• WHAT TO DO
Retype the lines below exactly, but only those from the line that has "Natuurlijk hebben we" through the line that has "회원가입 시 1000". Omit every picture.

• DATA EXTRACT
*** Block opens ***

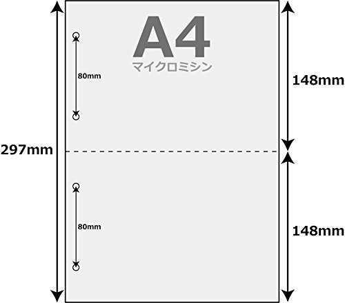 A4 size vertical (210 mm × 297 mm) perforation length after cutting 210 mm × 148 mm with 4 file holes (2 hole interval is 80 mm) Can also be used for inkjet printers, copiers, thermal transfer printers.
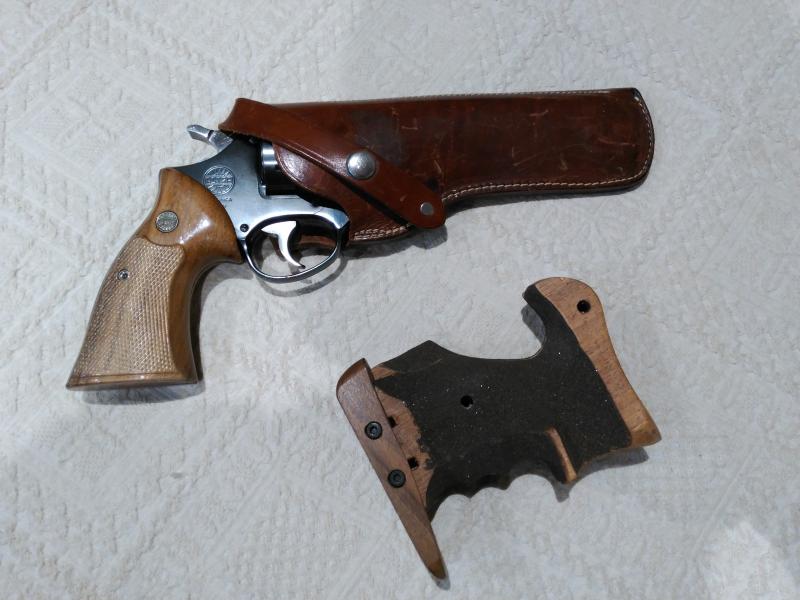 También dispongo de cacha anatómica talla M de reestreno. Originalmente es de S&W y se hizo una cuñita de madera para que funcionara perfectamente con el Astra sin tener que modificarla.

*** Block closes ***
*** Block opens ***

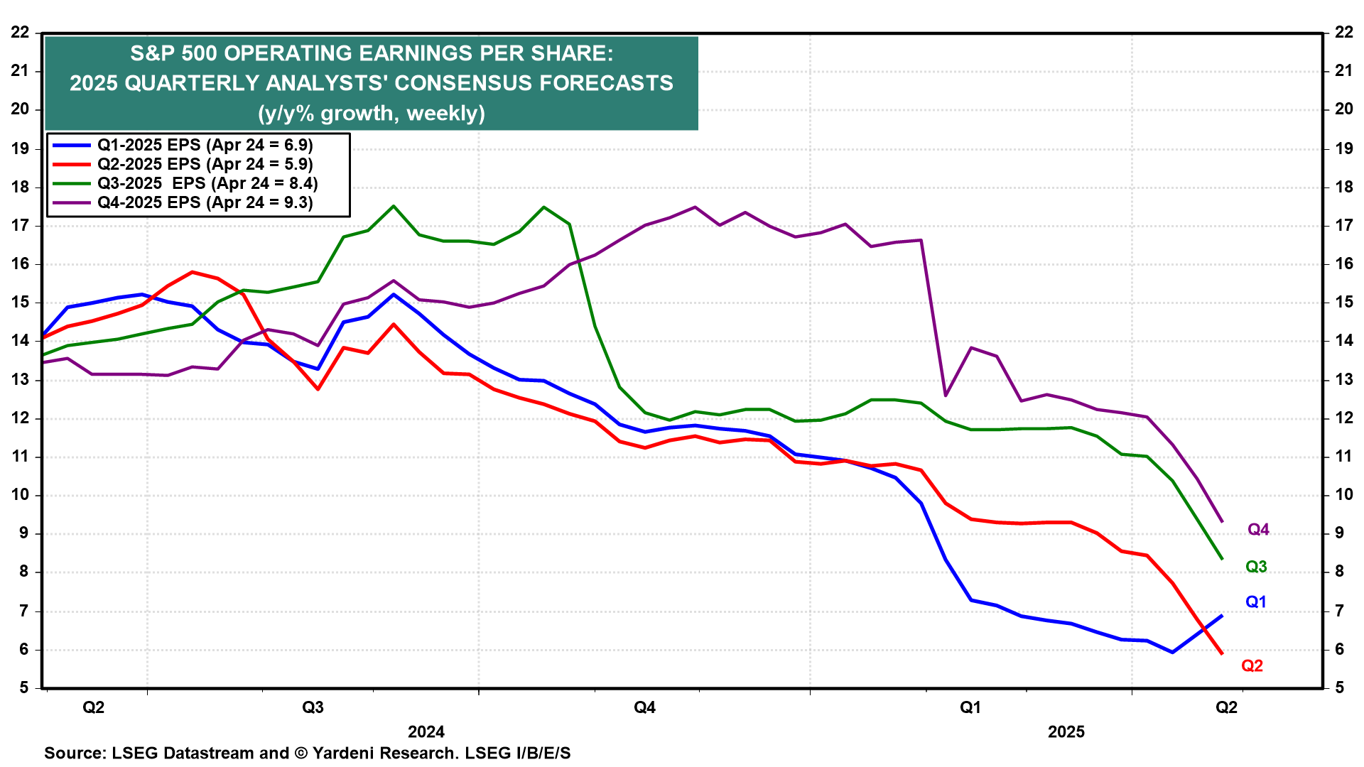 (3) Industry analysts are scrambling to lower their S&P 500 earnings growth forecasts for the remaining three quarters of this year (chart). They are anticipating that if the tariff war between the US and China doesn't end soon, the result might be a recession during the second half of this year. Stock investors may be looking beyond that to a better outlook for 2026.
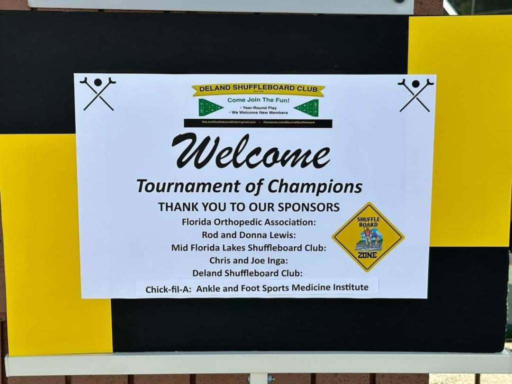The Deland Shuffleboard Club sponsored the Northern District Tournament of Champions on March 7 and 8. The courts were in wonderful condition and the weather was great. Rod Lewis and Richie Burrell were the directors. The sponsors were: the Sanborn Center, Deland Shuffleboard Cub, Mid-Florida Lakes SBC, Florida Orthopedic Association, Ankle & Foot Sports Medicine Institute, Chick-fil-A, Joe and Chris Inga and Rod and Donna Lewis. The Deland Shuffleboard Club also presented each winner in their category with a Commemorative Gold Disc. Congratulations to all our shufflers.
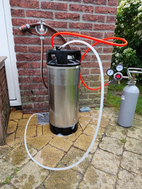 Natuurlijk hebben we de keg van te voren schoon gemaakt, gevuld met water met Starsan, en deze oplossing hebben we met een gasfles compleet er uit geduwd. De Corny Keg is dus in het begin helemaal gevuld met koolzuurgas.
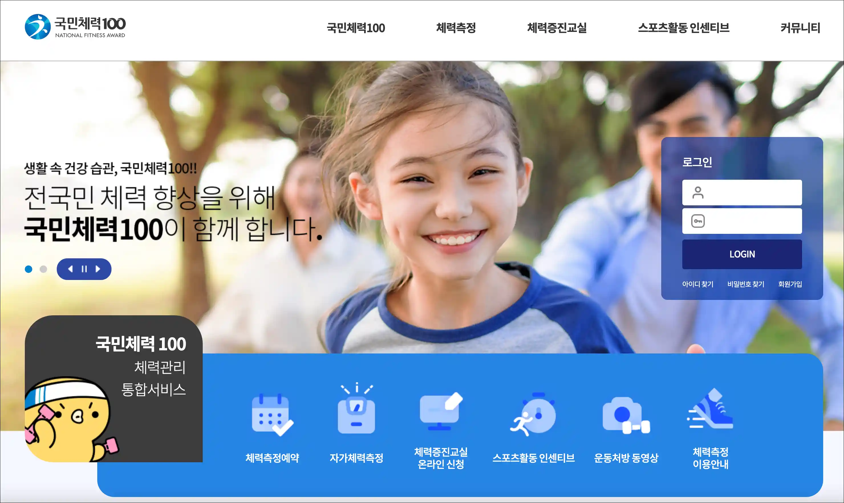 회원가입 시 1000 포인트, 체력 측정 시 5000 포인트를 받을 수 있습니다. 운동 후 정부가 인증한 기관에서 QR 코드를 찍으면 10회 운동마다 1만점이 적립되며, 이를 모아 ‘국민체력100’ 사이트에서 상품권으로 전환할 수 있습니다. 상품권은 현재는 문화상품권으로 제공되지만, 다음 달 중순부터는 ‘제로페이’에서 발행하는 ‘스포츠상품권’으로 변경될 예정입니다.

*** Block closes ***

• RESULT OF THE EXERCISE
 Natuurlijk hebben we de keg van te voren schoon gemaakt, gevuld met water met Starsan, en deze oplossing hebben we met een gasfles compleet er uit geduwd. De Corny Keg is dus in het begin helemaal gevuld met koolzuurgas.
 회원가입 시 1000 포인트, 체력 측정 시 5000 포인트를 받을 수 있습니다. 운동 후 정부가 인증한 기관에서 QR 코드를 찍으면 10회 운동마다 1만점이 적립되며, 이를 모아 ‘국민체력100’ 사이트에서 상품권으로 전환할 수 있습니다. 상품권은 현재는 문화상품권으로 제공되지만, 다음 달 중순부터는 ‘제로페이’에서 발행하는 ‘스포츠상품권’으로 변경될 예정입니다.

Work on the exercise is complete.